Your objective
Restate every line of the data word for word, except for the images.

Recorded information
::::
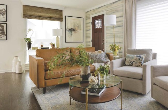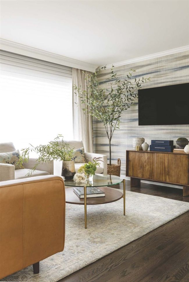 NATUR AL NEUTR ALS. The living room is a lesson in decorating a space with a neutral background that doesn’t rely on white walls, taking it to the next level. “The abstract grasscloth wallpaper adds texture and depth, creating a sophisticated backdrop for the space,” Jessica says. The result brings the living room to life. A wooden console and greenery further bring natural colors indoors.
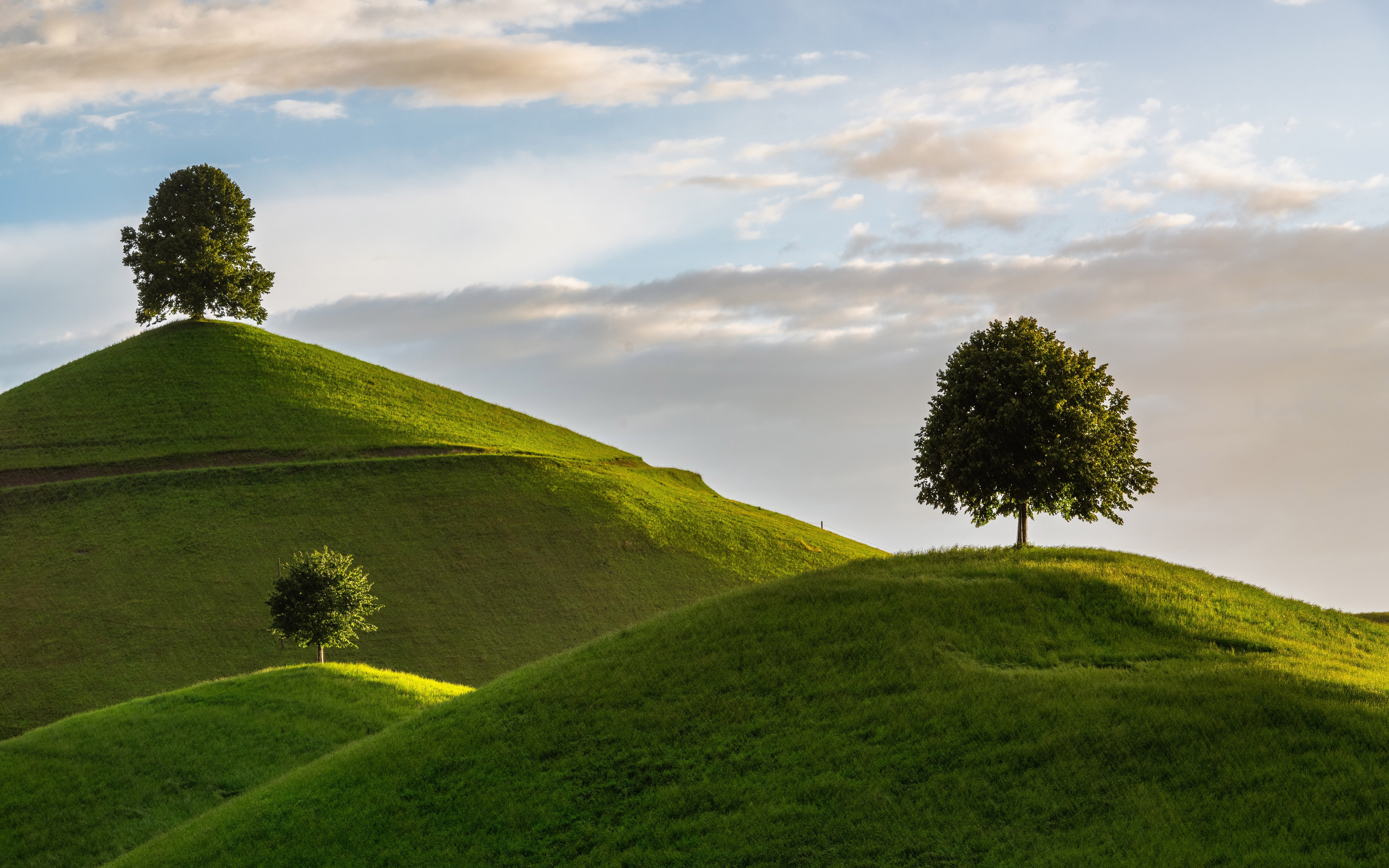 Nature Landscape Trees Hills Grass Wallpaper - 7680x4800
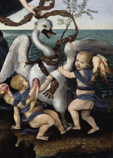 Смысловая функция образа Купидона в работе и в ренессансной культуре в целом. В этой и в родственных маньеристских композициях Купидон перестаёт быть только беззаботным декоративным путто и становится многоуровневым семиотическим маркером: он — агент желания, индикатор опасности (скрытой за привлекательностью), и одновременно — «речь» художника о придворной морали, о сложности человеческих страстей и о политике покровительства (аллегории часто имели и политическое измерение при дворе).
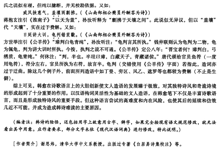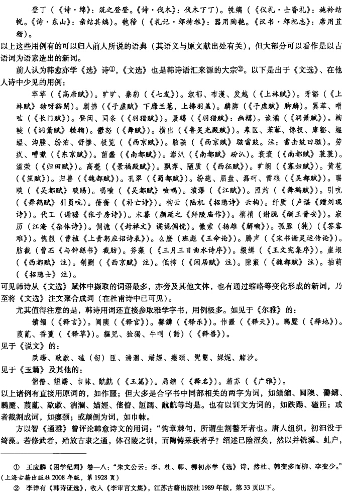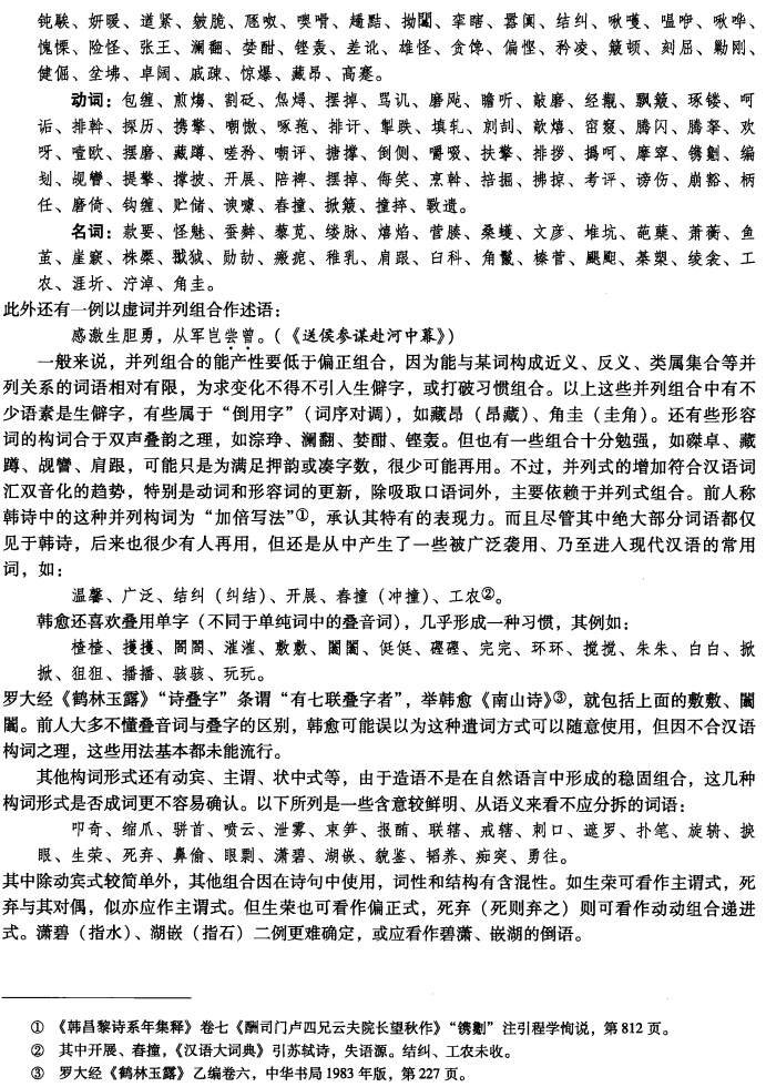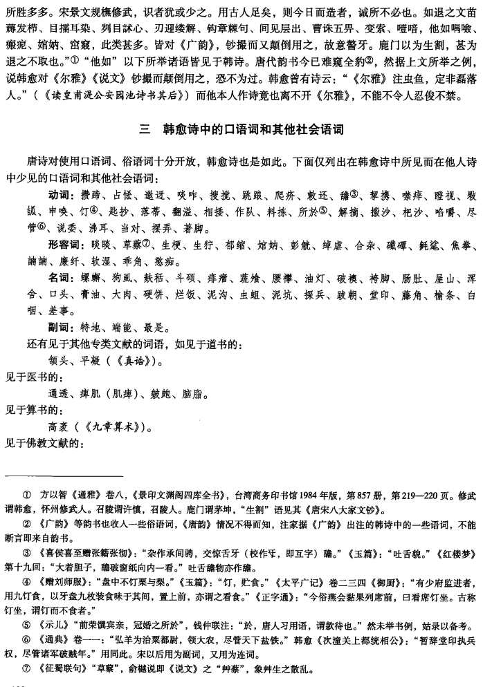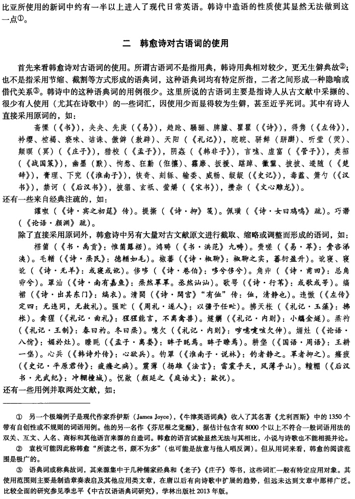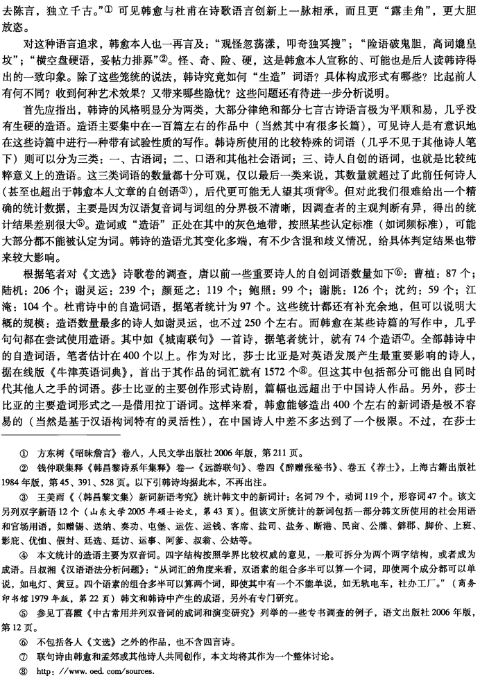 摘要:韩愈诗歌所使用的特殊语词包括:一、古语词;二、口语词和社会语词;三、诗人自创的语词。其中第一类中以古语词语素所造新词和第三类词语都可以算作诗人的"造语"。韩愈诗中的造语数量远超出于前人,对于形成其独特诗风和奇诡诗境起到了十分重要的作用。但韩诗造语往往不得不使用生僻字,或打破习惯组合,也成为韩诗难读的主要原因。这种语言尝试的高难度和内在风险也使其无法延续。
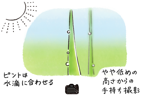 - 水滴を大きめに捉えるため、中望遠のマイクロレンズを使用
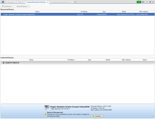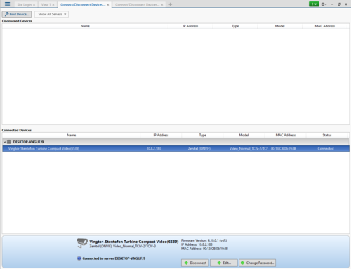 - The Discovery window will open and automatically find all ONVIF compliant devices. Click on the device and then click Connect... in order to connect device with the Avigilon server.
::::
Finished task
 NATUR AL NEUTR ALS. The living room is a lesson in decorating a space with a neutral background that doesn’t rely on white walls, taking it to the next level. “The abstract grasscloth wallpaper adds texture and depth, creating a sophisticated backdrop for the space,” Jessica says. The result brings the living room to life. A wooden console and greenery further bring natural colors indoors.
 Nature Landscape Trees Hills Grass Wallpaper - 7680x4800
 Смысловая функция образа Купидона в работе и в ренессансной культуре в целом. В этой и в родственных маньеристских композициях Купидон перестаёт быть только беззаботным декоративным путто и становится многоуровневым семиотическим маркером: он — агент желания, индикатор опасности (скрытой за привлекательностью), и одновременно — «речь» художника о придворной морали, о сложности человеческих страстей и о политике покровительства (аллегории часто имели и политическое измерение при дворе).
 摘要:韩愈诗歌所使用的特殊语词包括:一、古语词;二、口语词和社会语词;三、诗人自创的语词。其中第一类中以古语词语素所造新词和第三类词语都可以算作诗人的"造语"。韩愈诗中的造语数量远超出于前人,对于形成其独特诗风和奇诡诗境起到了十分重要的作用。但韩诗造语往往不得不使用生僻字,或打破习惯组合,也成为韩诗难读的主要原因。这种语言尝试的高难度和内在风险也使其无法延续。
 - 水滴を大きめに捉えるため、中望遠のマイクロレンズを使用
 - The Discovery window will open and automatically find all ONVIF compliant devices. Click on the device and then click Connect... in order to connect device with the Avigilon server.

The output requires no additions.